In light of a few crashes in recent months that were caused by people illegally stopping on the tracks and snarled downtown traffic, the Winder City Council discussed increasing the Municipal Court fine during its Monday, Feb. 3 work session. But the item was left off the council’s Tuesday, Feb. 4 voting session agenda, as the general consensus was to see if the department’s closer monitoring of the issue would have a positive impact.
“I take responsibility. Our officers haven’t always given the attention to this particular violation that maybe we should,” police chief Jim Fullington told the council during the Monday work session.
Fullington said the department made a total of 42 stops last year for vehicles illegally stopping on the tracks but that roughly two-thirds of those resulted in written warnings. Since December, he said police have been more aggressive with their enforcement and have made 37 stops over the last three months, issuing 25 citations.
“We’re giving it more attention and we’re already seeing the results,” Fullington said.
The most recent accident occurred Jan. 28 when a vehicle pulling a 35-foot trailer stopped on the CSX Railroad crossing on North Broad Street by McDonald’s and was struck by a slow-moving train, causing an intersection closure of more than an hour.
Last fall, another vehicle carrying a trailer was struck at the Broad Street crossing, impacting every crossing from Athens Street by Popeye’s to Horton Street by Hill’s Ace Hardware. That resulted in heavy train damage and a five-hour intersection closure.
Fullington said many of the incidents of vehicles being illegally stopped on the tracks are due to driver misgauging the timing on traffic lights that are in close proximity to the crossings.
If so desired by the council, the city would be able to raise the fine to up to $1,000, but Fullington recommended leaving it at $250.
“For somebody that makes a mistake in judgment and gets stuck, ($1,000) is pretty harsh,” he said. “I’d like to see us leave it where it is and give us time to do a better job enforcing it and see what happens. If you do decide to raise it in the future, I wouldn’t go above $500. That’s my personal opinion.”
Fullington’s recommendation was met with general consensus from the council, even though councilman Chris Akins said he would personally like to see the fine increased.
“As long as (the department is) going to enforce it, and it’s going to be a concentrated effort, it’s worth a try,” councilman Travis Singley said.
In action at Tuesday’s voting session, the council:
•approved an amendment to the city’s Fiscal Year 2020 budget that allows the city to allocate funds collected in excess of $200,000 for the library assessment to be put toward property maintenance and improvements at the Winder Public Library. City and library officials have said parking lot renovations and landscape maintenance are needed at the building. Mayor David Maynard said at a council work session last month that the city had brought in more than $224,000 through the assessment. As part of an agreement with Barrow County, the city can only use assessment revenue to fund library property improvements.

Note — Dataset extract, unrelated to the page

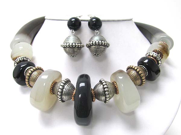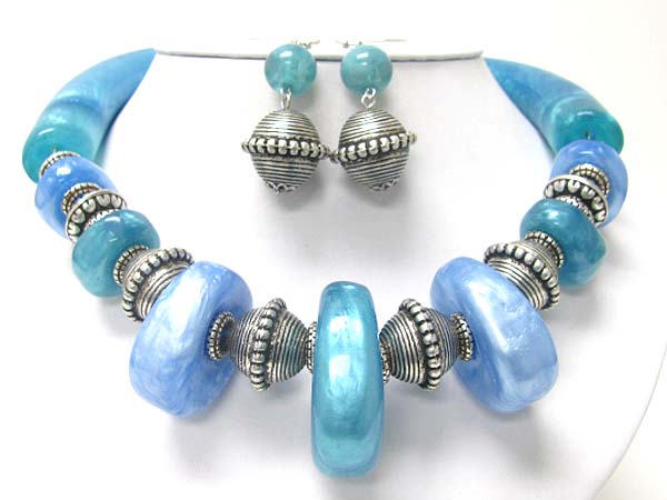 WHOLESALE ETHNIC STYLE HORN AND CHUNKY BEADS NECKLACE EARRING SET 348191

•approved a new pedestrian crossing by the library near the intersection of West Candler and Bellview streets. The work will include reflective paint and standard signs for an estimated cost of $800. The council was also presented with an option to install flashing safety lights for more than $9,000 but opted not to pursue that.
•approved $44,800 for repairs to and the widening of the Betts Street. A 10-percent contingency is included in the project, bringing the total not-to-exceed cost to $49,280.

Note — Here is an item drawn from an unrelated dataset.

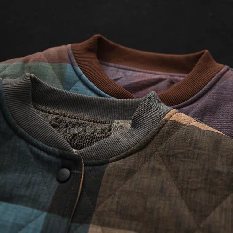 アウター ブルゾン シャンパー 上着 袖あり 長袖 ワイド ポケット 前開き 綿 カジュアル おしゃれ レトロ エキゾチック ラフ メンズライク マニッシュ ボーイッシュ スポーティー 個性的 モード系 柄 チェック柄 秋 冬 レディース 学生 お出かけ 休日 重ね着 暖かい 体系カバー M L XL 2XL ゆったり ゆる 青 緑 紫 パープル ブラウン ベージュ オレンジ くすみカラー 大人カラー 秋カラー 濃いグリーン

•approved the purchase of new open-records request software in the amount of $10,816. The agreement also includes an annual cost of $6,100. City clerk Maddison Dean said the new software would help streamline the process for responding to and fulfilling requests. Citizens will be able to track and monitor the progress of their request online.
•approved the publishing of requests for proposals for assistance with the 2021 Community Home Investment Program (CHIP) and Community Development Block Grant (CDBG) programs.
•approved five appointments to the city’s Historic Preservation Commission. The appointments for Ray Mattison, Ricky Peppers and Patricia Stallings are reappointments. Erin Alvarez and Holt Persinger are new appointments.
•approved a peddler’s license application by Neil McElroy to go door-to-door contacting prospective clients for Edward Jones Financial. No products will be sold.